Chuck was worried I was feeling deprived without a car, but I knew we only had the weekends to go car shopping, and I just dreaded looking for a car; I'd rather spend our free time together doing fun things, and find other ways to entertain myself during the week that don't require a car.

Car shopping is one of my least favorite things to do. I'm just not "into" cars. As long as I can get from Point A to Point B, without a breakdown, mental or mechanical, I'm good. I don't want to pore over classified ads, Car Fax profiles, and back issues of Consumer Reports. I don't want a salesman to try to try to talk me into a car I already told him I don't want. I don't like to write out checks that fill up the whole amount line with number words.

But when you need a car, what do you do? You go car shopping. UGH.

LUCKILY, I have a husband who seems to love doing the research, comparing makes, models, and ratings. Thanks to him, we pretty much knew what we wanted the weekend we knew we were going to buy a car, and we bought the first car we took for a test drive, but NOT the first car the salesman showed us, and NOT the first car the salesman recommended. We had told him we wanted a Japanese or Korean car, and we had come to see the Nissan Elantra advertised for $3,000.

We followed him across the damp parking lot, stepping over piles of snow that had been left by the snowplows. My first glance at the gold sedan, and all I could think was, "Great. It looks like a grandma car." 

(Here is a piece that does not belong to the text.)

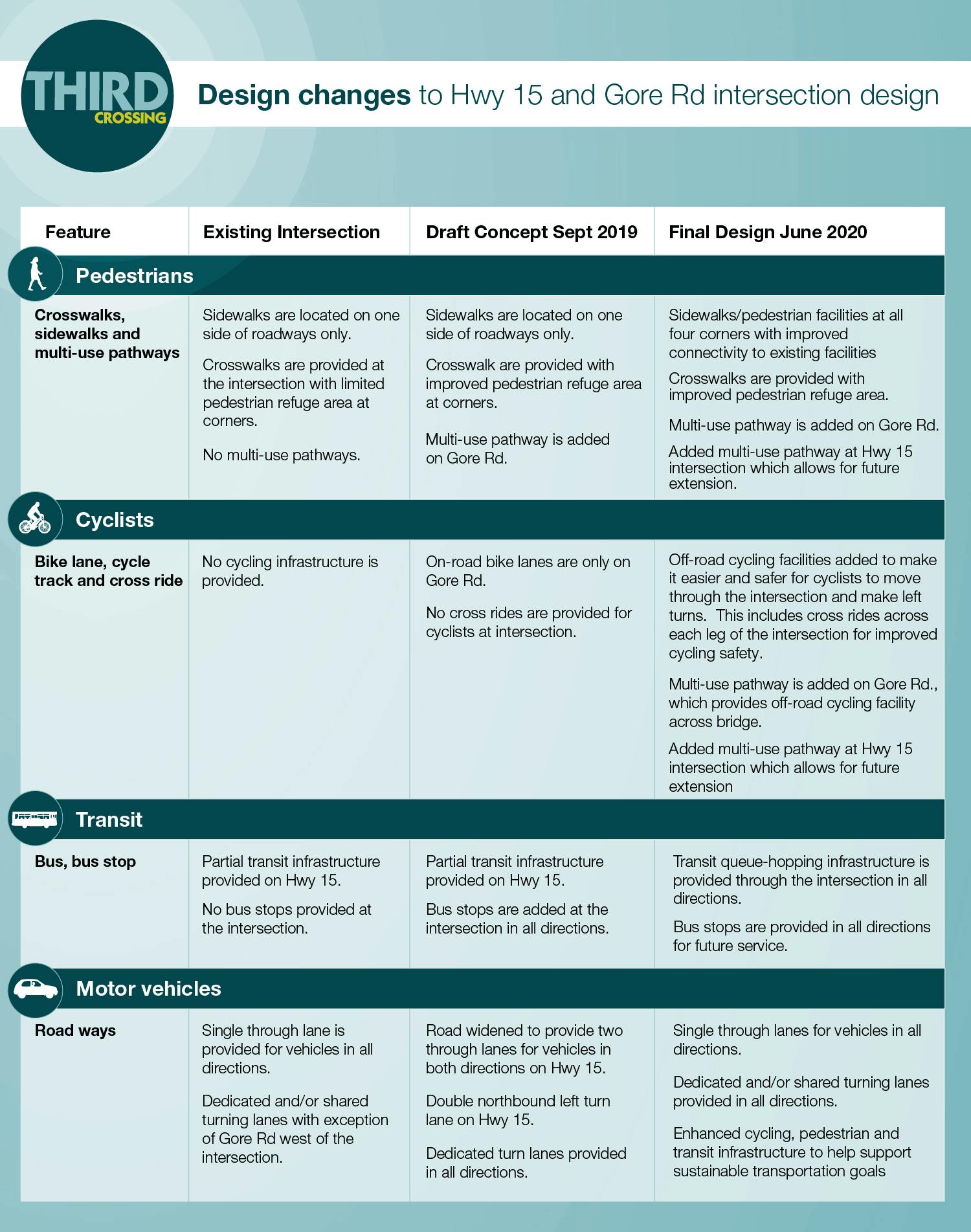 In September 2019, the Third Crossing project team provided a draft concept design of Hwy 15 & Gore Rd intersection. Since then, there have been City-wide decisions based on global and municipal interests which have influenced the final design.

Trying to keep an open mind, I sat down to start it, not noticing what Chuck did; there were no door handles on the car, just the remnants of the mechanism still attached to the door. It took a couple moments for the engine to turn over after I turned the key.

While the car idled, Chuck asked me to pop the trunk. I never did find the trunk release, but when I attempted to pull the gas cover latch release, the lever was not attached to anything, and was lying on the floor, without any way to make it work.

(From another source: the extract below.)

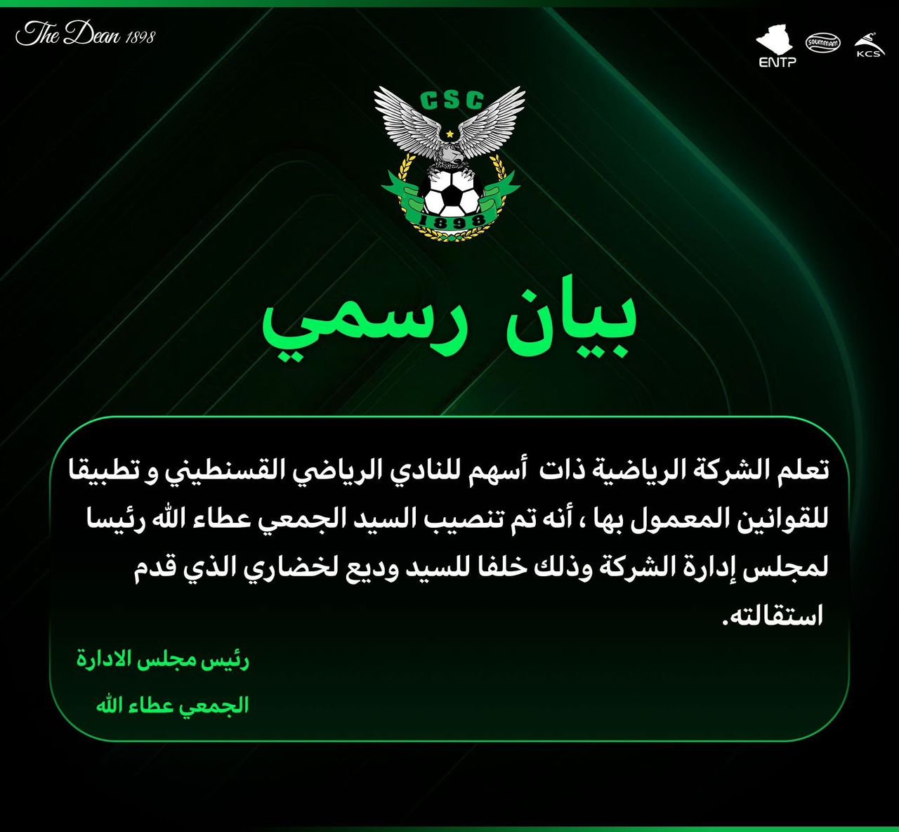 أعلنت إدارة الشركة الرياضية ذات أسهم نادي شباب قسنطينة، اليوم الأحد، عن تعيين الجـمعي عطاء الله رئيسًا جديدًا لمجلس الإدارة، وذلك تطبيقًا للقوانين المعمول بها داخل النادي.

"Um, Chuck, we're done here." He gave me a silent nod.

"I wouldn't sell you a car like this anyway," said Mr. Salesman. How interesting that he would mention that, since it really seemed like he would gladly let us take it off his hands, if we wanted to pay the full asking price.

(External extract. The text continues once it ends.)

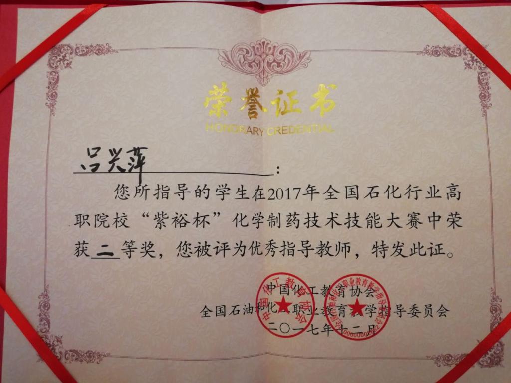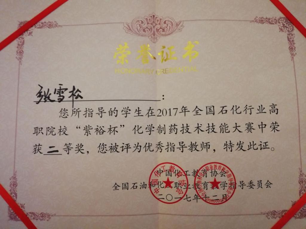 12月26-28日,2017年全国石化行业高职院校“紫裕杯”化学制药技术技能大赛在吉林工业职业技术色花堂 隆重举行。该赛项为团队项目,茶与食品科技色花堂 的傅如雨、高欣、马宗雨三位同学团结协作,沉着应战,经过药品生产技术专业知识、阿莫西林生产操作、化学制药典型单元仿真操作三个环节的激烈比拼,最终获得团体二等奖。张雪松、吕兴萍两位老师荣获“优秀指导老师”的称号。

Chuck and I had a quick conversation,  and decided we would have to pull a little more money from the royal coffers to get a dependable, decent car. We told the salesman he could show us something a little nicer, something with door handles and functioning latches would be nice.

Our little man scurried back across the showroom floor with a smile on his face, and told us he had a nice little Cobalt we might like.  We both just shook our heads at him. We were adamant about buying a Toyota, Hyundai, or Honda, having had positive experiences with those cars. His face fell, and then his eyes lit up. "Just a sec, I'll be right back. We had a car come in just yesterday you might like; a Toyota Camry."

Now he was talking. Yes, it had just come in, as in, no one had had a chance to detail the car and spritz it with "new car scent." There was trash on the floor, and where baby car seats had once been, the backseat was now full of cereal crumbs, dried milk splatters, and melted chocolate. Purely cosmetic problems. We could work with that.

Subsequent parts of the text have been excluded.